Они стояли лицом к лицу. Безжизненные глаза неотрывно смотрели в глаза молодой женщины. Готовая свершить задуманное, мадам Джодска высоко подняла руку, но не смогла опустить ее. Боль, острая, как от укуса змеи, внезапно пронзила ее пальцы, запястье и всю руку; хватка ее ослабла, туфля, вертясь, полетела через комнату, и все задрожало и поплыло перед глазами женщины в мерцающем свете ночника. Мгновенно обессилевшая, беспомощная, охваченная ужасом, стояла она неподвижно. Какие боги и святые могли помочь ей? Никакие. Она должна была рассчитывать лишь на свою волю. Почти теряя сознание, мадам Джодска все же сделала еще одну попытку.
— Мой Бог! — услышала она собственный сдавленный полушепот-полукрик. — Это неправда! Ты — ложь! Мой Бог отрицает твое существование. Я призываю своего Бога!..
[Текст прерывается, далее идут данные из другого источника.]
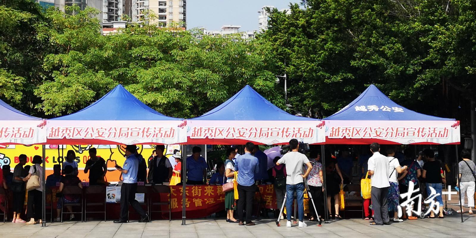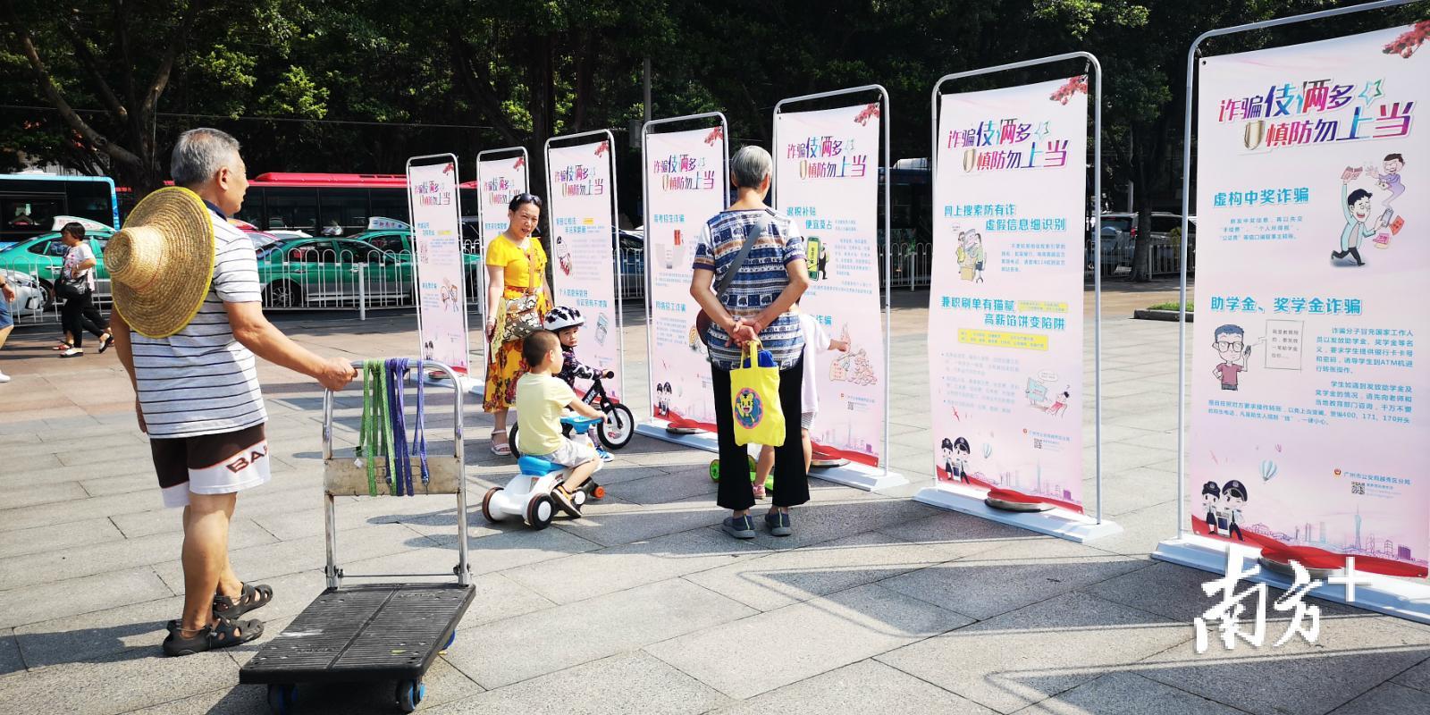 活动现场,越秀警方通过播放案例展示、民警现场开讲等形式与现场群众互动,深入浅出普及揭露网络电信诈骗犯罪手法,提高群众识别防范电信诈骗意识伎俩的防范意识。

И тут, к еще большему ее ужасу, кошмарная маленькая кукла взмахнула уродливо вывернутой рукой и пропищала — словно в ответ мадам Джодска — несколько непонятных отрывистых слов на незнакомом наречии. И в тот же миг страшное существо безжизненно осело на одеяло, как проткнутый воздушный шарик. На глазах гувернантки оно превратилось в бесформенный неодушевленный предмет, в то время как Моника — о ужас! — беспокойно пошевелилась во сне и пошарила вокруг себя руками, словно в поисках потерянной важной вещи. При виде спавшей невинным сном девочки, бессознательно тянувшейся к непостижимому и таинственно притягательному для нее злу, смелая полячка вновь не смогла совладать с собой.
И во второй раз тьма застила ее глаза.
Затем, несомненно, последовал провал в памяти, ибо рассудок оказался не в силах противостоять натиску чувств и суеверных мыслей. Когда мадам Джодска начала приходить в себя, за многословными страстными молитвами, на коленях у кровати в своей комнате, она помнила только приступ необузданной ярости, вылившийся в акт насилия. Она не помнила, как шла по коридору и поднималась по лестнице. Но туфля была при ней, крепко зажатая в руке. И мадам Джодска помнила также, как в бешенстве схватила безжизненную восковую куклу и мяла, рвала и ломала мерзкое крохотное тельце до тех пор, пока из него, изуродованного до неузнаваемости, если не полностью уничтоженного, не посыпались опилки… Потом гувернантка грубо швырнула куклу на стол подальше от Моники, мирно спавшей глубоким сном. Это она помнила. И перед глазами ее неотступно стояла также следующая картина: маленькое, непристойно изуродованное чудовище в изорванном тонком платье лежит неподвижно с раскинутыми конечностями и идиотически поблескивающими глазами, но в неподвижности своей остается все же живым и полным зловещей и разумной силы.
Никакие самые долгие и страстные молитвы не помогли мадам Джодска избавиться от этого видения.
Теперь мадам Джодска ясно сознавала, что откровенный разговор с хозяином с глазу на глаз просто необходим. Этого требовали ее совесть, благоразумие и чувство долга. Она сознательно ни словом не обмолвилась о кукле с самой девочкой — и поступила, по ее твердому убеждению, правильно. На этом пути таилась опасность — опасность пробудить в детском сознании нежелательные мысли. Но с полковником Мастерсом, который платил гувернантке за работу и верил в ее честность и преданность, нужно было объясниться немедленно.